As a conventional approach, the continuum model (see Figure 14c) considers porous media as an averaged REV, and the pore structure is characterized by REVs [139]. From this approach, a few software solutions have been developed to address reactive transport within the pore matrix at REV scale [160], which includes MIN3P [161], TOUGHREACT [162], HP1 [163], CrunchFlow [116], and PFlotran [164]. In these solutions, the equations describing fluid flow and mass transport are formulated using REV averages and coupled with geochemical reactions [116]. Henceforth, Darcy’s Law has frequently been used to simulate the groundwater flow, and advection–diffusion–reaction (ADR) equations are used to model the transport of dissolved solutes in groundwater. Furthermore, geochemical processes such as Fe precipitation can have an effect on the flow field and REV-scale properties (e.g., tortuosity, permeability, and specific surface area) by reducing pore space [165]. As a result, changes in these parameters are typically considered constant or presented as a function of porosity in response to hydrogeochemical reactions. For example, most research works at continuum scale utilize Equations (8), (14) and (20) to define the relationships between porosity and evolving parameters [152]. However, the combination of advection, molecular diffusion, hydrodynamic dispersion, and geochemical reactions can produce high heterogeneity.
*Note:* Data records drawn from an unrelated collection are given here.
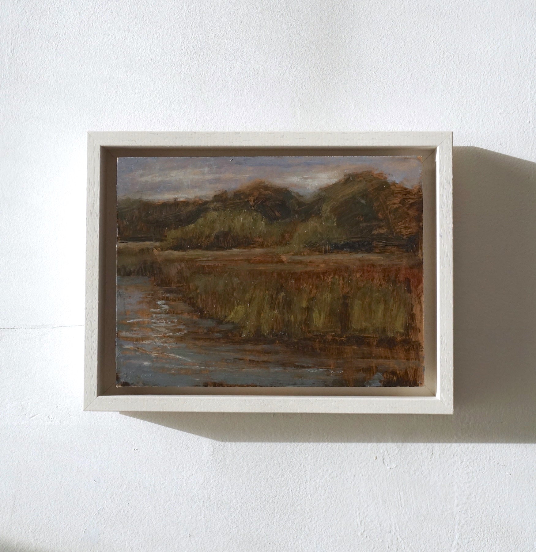 Painting framed in an off-white float frame (included).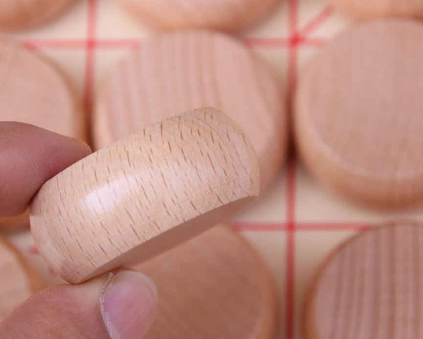 Quân cờ bằng Gỗ Sồi đường kính cỡ trung 3,4cm dày 1,3cm; đường kính cỡ đại 3,9cm dày 1,5cm
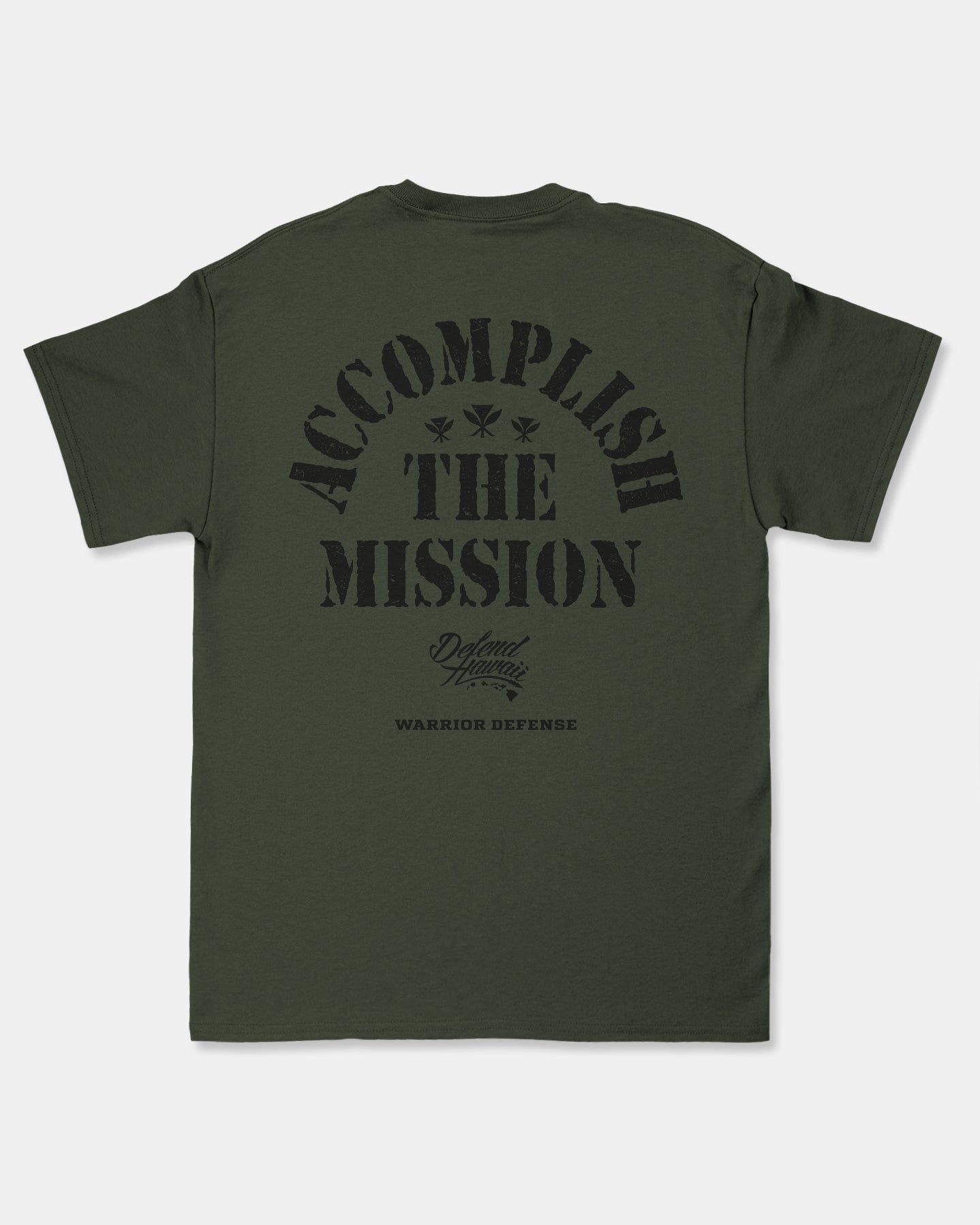 Defend Hawai'i x Rainbow Warrior Defense is back and bolder!  In support of our Home Team defenders, the football defense, and Coach CB, Defend Hawai'i will be donating a portion of the proceeds for each collab product purchased to the UH Football Program. With this one, we ACCOMPLISH THE MISSION. Available in black ink printed on a military green regular fit tee.  This design is also available in a premium tee.

Using equations containing empirical constants, it is difficult to accurately present the combined effects, as these constants often lack a robust theoretical foundation and typically remain unchanged with the progress of hydrochemical processes [166]. Additionally, the REV-averaging method assumes the disregard of fluctuations in governing variables, making it unable to identify those areas in a computational domain when the continuum model is inadequate [167]. To overcome these difficulties, numerous recent studies have focused on using high computational resources to develop numerical models at pore scale [168,169,170,171].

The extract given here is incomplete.